# controlled-argument-generation

**Repository Path**: mirrors_UKPLab/controlled-argument-generation

## Basic Information

- **Project Name**: controlled-argument-generation
- **Description**: Controlling Argument Generation via topic, stance, and aspect
- **Primary Language**: Unknown
- **License**: BSD-3-Clause
- **Default Branch**: master
- **Homepage**: None
- **GVP Project**: No

## Statistics

- **Stars**: 0
- **Forks**: 0
- **Created**: 2020-09-26
- **Last Updated**: 2026-05-24

## Categories & Tags

**Categories**: Uncategorized

**Tags**: None

## README

# Aspect-Controlled Neural Argument Generation

## Introduction
_Accompanying repository for the paper [Aspect-Controlled Neural Argument Generation](https://aclanthology.org/2021.naacl-main.34/)._

We rely on arguments in our daily lives to deliver our opinions and base them on evidence, making them more convincing 
in turn. However, finding and formulating arguments can be challenging. 
To tackle this challenge, we trained a language model (based on the CTRL by 
[Keskar et al. (2019)](https://arxiv.org/abs/1909.05858)) for argument generation that can be controlled on a fine-grained 
level to generate sentence-level arguments for a given topic, stance, and aspect. 
We define argument aspect detection as a necessary method to allow this fine-granular control and crowdsource a dataset 
with 5,032 arguments annotated with aspects. We release this dataset, as well as the training data for the argument generation
model, its weights, and the arguments generated with the model.

The following figure shows how the argument generation model was trained:

![Image description](arg_gen_pipeline.png)

(1) We gather several million documents for eight different topics from two large data sources. 
All sentences are classified into pro-, con-, and non-arguments. We detect aspects of all arguments with a model trained
on a novel dataset and concatenate arguments with the same topic, stance, and aspect into training documents. 
(2) We use the collected classified data to condition the CTRL model
on the topics, stances, and aspects of all gathered arguments. (3) At inference, passing the control code 
_[Topic]_ _[Stance]_ _[Aspect]_ will generate an argument that follows these commands.

## Updates
**15. May 2020**

We have added the code for the aspect-controlled neural argument generation model and detailled descriptions on how
to use it. The model and code modifies the work by [Keskar et al. (2019)](https://arxiv.org/abs/1909.05858). 
The link to the fine-tuned model weights and training data can be found in the [Downloads section](#downloads).

**8. May 2020**

The _Argument Aspect Detection_ dataset can be downloaded from [here](https://tudatalib.ulb.tu-darmstadt.de/handle/tudatalib/2329)
(_argument_aspect_detection_v1.0.7z_). 
From there, you can also download the arguments generated with the argument generation models (_generated_arguments.7z_) and the data 
to reproduce the fine-tuning of the argument generation model (_reddit_training_data.7z_, _cc_training_data.7z_).
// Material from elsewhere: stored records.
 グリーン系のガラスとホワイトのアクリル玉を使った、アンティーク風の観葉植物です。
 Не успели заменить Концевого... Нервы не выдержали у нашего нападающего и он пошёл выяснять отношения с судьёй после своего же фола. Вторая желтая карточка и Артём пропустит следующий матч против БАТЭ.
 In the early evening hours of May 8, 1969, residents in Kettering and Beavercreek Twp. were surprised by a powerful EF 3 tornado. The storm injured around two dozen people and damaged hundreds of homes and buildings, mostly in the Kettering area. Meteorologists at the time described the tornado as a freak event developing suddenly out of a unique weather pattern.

_Note_: Due to license reasons, these files cannot be distributed freely. Clicking on any of the files will redirect you to a form,
where you have to leave you name and email. After submitting the form, you will receive a download link shortly.

## Downloads

- Download datasets from [here](https://tudatalib.ulb.tu-darmstadt.de/handle/tudatalib/2329). You can download the following files:
    
    - _argument_aspect_detection_v1.0.7z_: The argument aspect detection dataset
    - _generated_arguments.7z_: All arguments generated with our fine-tuned models
    - _reddit_training_data.7z_: Holds classified samples used to fine-tune our model based on [Reddit-comments](https://files.pushshift.io/reddit/comments/) data
    - _cc_training_data.7z_: Holds classified samples used to fine-tune our model based on [Common-Crawl](https://commoncrawl.org/) data

    _Note_: Due to license reasons, these files cannot be distributed freely. Clicking on any of the files will redirect you to a form,
    where you have to leave you name and email. After submitting the form, you will receive a download link shortly.
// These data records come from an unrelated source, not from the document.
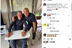 伊涅斯塔社媒晒出与温苏埃的合照,配文:“畅谈生活与足球的时光总是如此美妙,你真的很了不起,朋友。”
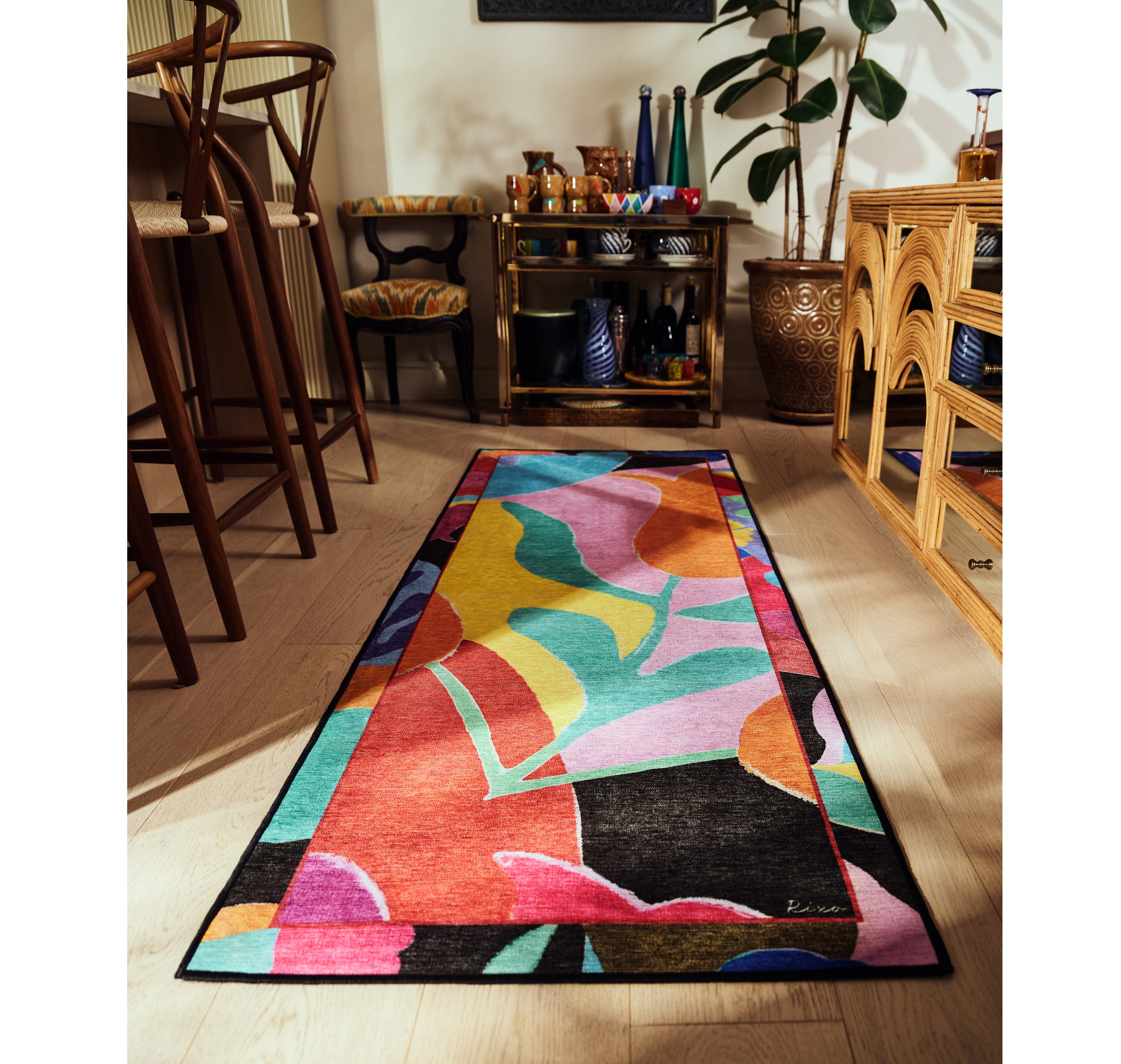A funky rug makes for an easy update – and this striking floral print imbibes thoughts of a tropical hideaway and sunny outlook.
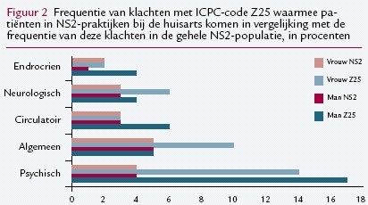 Om meer inzicht te krijgen in de kenmerken van de patiënten die naar de huisarts gaan als slachtoffer van geweld, hebben wij gegevens geanalyseerd van de Tweede Nationale Studie naar ziekten en verrichtingen in de huisartspraktijk (NS2). We keken naar patiënten met de ICPC-code Z25 (problemen met betrekking tot geweld) in hun ziektegeschiedenis. De incidentie van Z25 in de praktijken die aan NS2 deelnemen, is gelijk aan de incidentie van fysiek geweld die de praktijken van de peilstations registreren: 6 per 10.000. Uit gegevens van NS2 blijkt dat deze patiënten aanmerkelijk vaker dan gemiddeld de huisarts consulteren voor andere problemen dan geweld. Mannen die hulp inroepen bij geweldsproblemen blijken gemiddeld 6,7 keer per jaar contact te hebben met hun huisarts (gemiddelde van alle mannen: 2,5), vrouwen maar liefst 10,6 keer (gemiddelde van alle vrouwen: 3,9). Ze behoren daarmee tot de groep van de bekende grootgebruikers die ongeveer 5% van de patiëntenpopulatie uitmaakt. De belangrijkste andere problemen waarvoor deze patiënten hun huisarts vaker dan gemiddeld bezochten, staan in figuur 2, gegroepeerd naar ICPC-hoofdstuk. Diagnoses waarvoor we geen verschil vonden, zijn niet weergegeven.
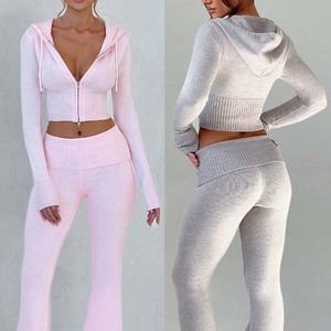 欧米のクロスボーダー2025春の新型純色ファッション修身ショートタイプの帽子と上着のカジュアルパンツ2点セットの女性
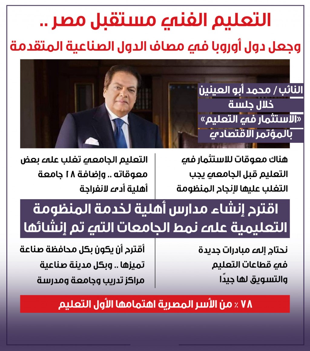 وتطرق رجل الاعمال محمد أبو العينين إلي التعليم الفني ومتطلباته لافتا أن جميع الدول بها تعليم فني صناعي لبناء دولة صناعية مثل ألمانيا لافتا أن التعليم الفني بالدول الأوروبية جعلها في مصاف الدول المتقدمة مشيراً إلي أن كل الدول الصناعية بها تخصصات ترمز لهذه الدول، لذلك اقترح أن يكون في كل محافظة صناعة تميزها مثل الأثاث في دمياط وأن يكون في كل مدينة صناعية مركز تدريب وجامعة ومدرسة.
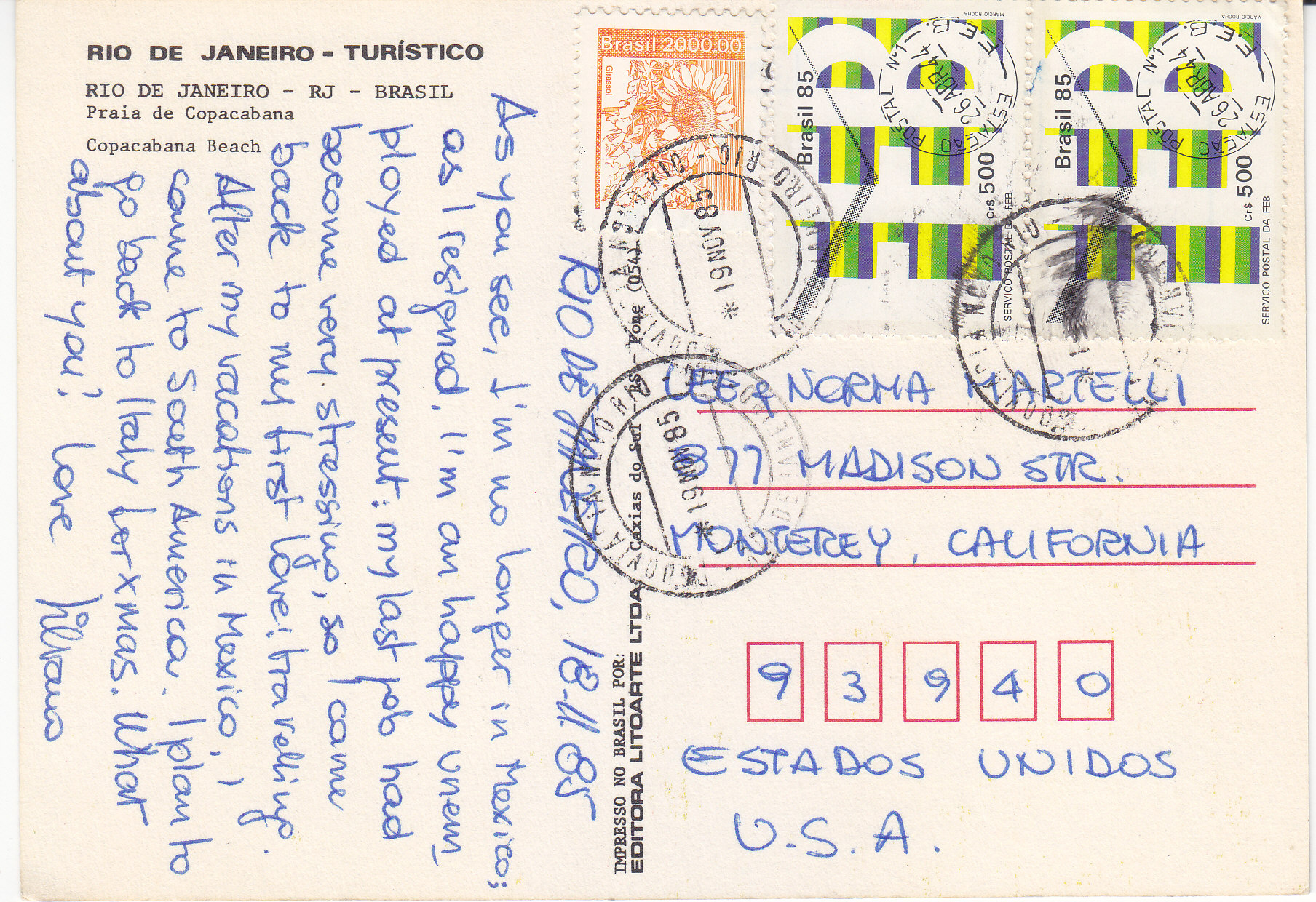 POSTCARD #340 Copacabana Beach, Rio de Janeiro, RJ, Brasil [Brazil]. Rio de Janeiro-Turístico. Impresso No Brasil por: Editora Litgarte Ltda. Caxias do Sol, RS. Fone (054). 6" x 4" EXC
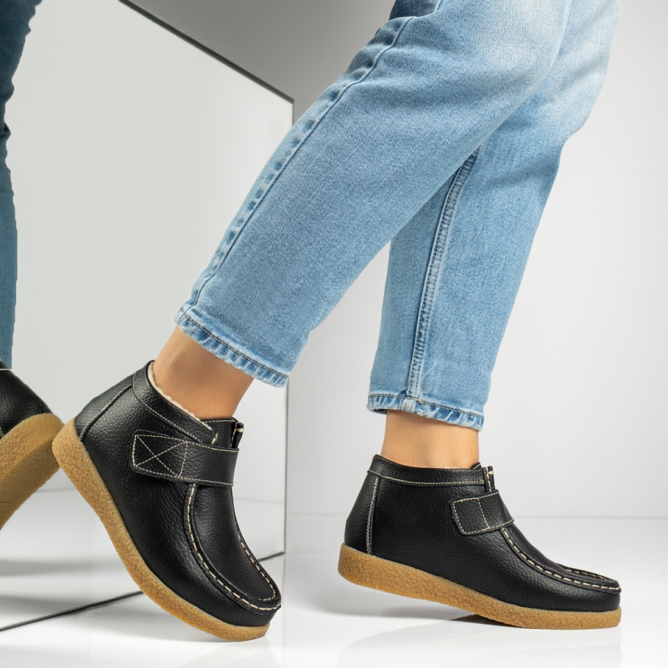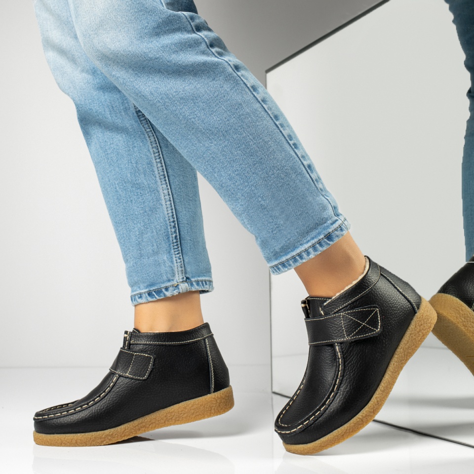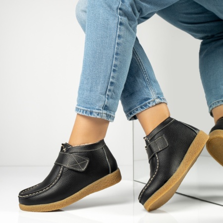 Ghete dama scurte cu scai negre din Piele naturala MOD06605

- Use _scripts/download_weights.sh_ to download the model weights. The script will download the weights for the model
fine-tuned on [Reddit-comments](https://files.pushshift.io/reddit/comments/) and [Common-Crawl](https://commoncrawl.org/) data
and unzips them into the main project folder. 

## Installation
The code was tested with `Python3.6`. Install all requirements with 
    
    pip install -r requirements.txt 
    
and follow the instructions in the [original Readme at _Usage_](README_original.md#usage), _Step 1 and 2_.

## Usage
In the following, we describe three approaches to use the aspect-controlled neural argument generation model:

[A. Use model for generation only](#a-use-model-for-generation-only)

[B. Use available training data to reproduce/fine-tune the model](#b-use-given-training-data-to-reproducefine-tune-the-model)
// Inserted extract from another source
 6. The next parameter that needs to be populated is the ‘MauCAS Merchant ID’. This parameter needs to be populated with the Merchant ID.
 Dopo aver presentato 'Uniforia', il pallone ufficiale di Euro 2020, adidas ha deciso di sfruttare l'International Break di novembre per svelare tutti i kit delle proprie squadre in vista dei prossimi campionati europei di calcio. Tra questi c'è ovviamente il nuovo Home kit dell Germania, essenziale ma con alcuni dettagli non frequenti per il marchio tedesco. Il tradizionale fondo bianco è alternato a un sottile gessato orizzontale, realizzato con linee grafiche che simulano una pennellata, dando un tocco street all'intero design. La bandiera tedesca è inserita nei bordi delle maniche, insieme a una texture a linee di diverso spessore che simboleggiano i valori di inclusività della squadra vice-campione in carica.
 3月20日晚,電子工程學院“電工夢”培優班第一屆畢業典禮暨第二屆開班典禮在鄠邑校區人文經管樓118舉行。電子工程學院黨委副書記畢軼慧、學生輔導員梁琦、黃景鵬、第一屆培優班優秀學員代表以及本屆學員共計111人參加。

[C. Use your own data to fine-tune a new aspect-controlled neural argument generation model](#c-use-your-own-data-to-fine-tune-a-new-aspect-controlled-neural-argument-generation-model)

### A. Use model for generation only
In order to generate arguments, please first download the weights for the models (download script at _scripts/download_weights.sh_). 
Run the model via `python generation.py --model_dir reddit_seqlen256_v1` for the model trained
on Reddit-comments data or `python generation.py --model_dir cc_seqlen256_v1` for the model trained on Common-Crawl data. 
After loading is complete, type in a control code, for example `nuclear energy CON waste`, to generate arguments 
that follow this control code. To get better results for the first generated argument, you can end the control code with 
a period or colon ("." or ":"). For more details, please refer to the paper. 

_Note_: Allowed control codes for each topic and data source can be found in the _training_data_ folder.

### B. Use given training data to reproduce/fine-tune the model
In order to fine-tune the model as we have done in our work, please follow these steps:

1. Download the pre-trained weights from the original paper 
([original Readme at _Usage_](README_original.md#usage), _Step 3_). 
2. Download the training data (see [Downloads section](#downloads). You need the file _reddit_training_data.7z_ or _cc_training_data.7z_. 
Depending on the source (cc or reddit), put the archives either
into folder _training_data/common-crawl-en/_ or _training_data/redditcomments-en/_  and unzip via:

        7za x [FILENAME].7z

3. To reproduce the same training documents from the training data as we used for fine-tuning, please use the script at
_training_utils/pipeline/prepare_documents_all.sh_ and adapt the _INDEX_ parameter.
Depending on your hardware, the training document generation can take an hour or more to compute.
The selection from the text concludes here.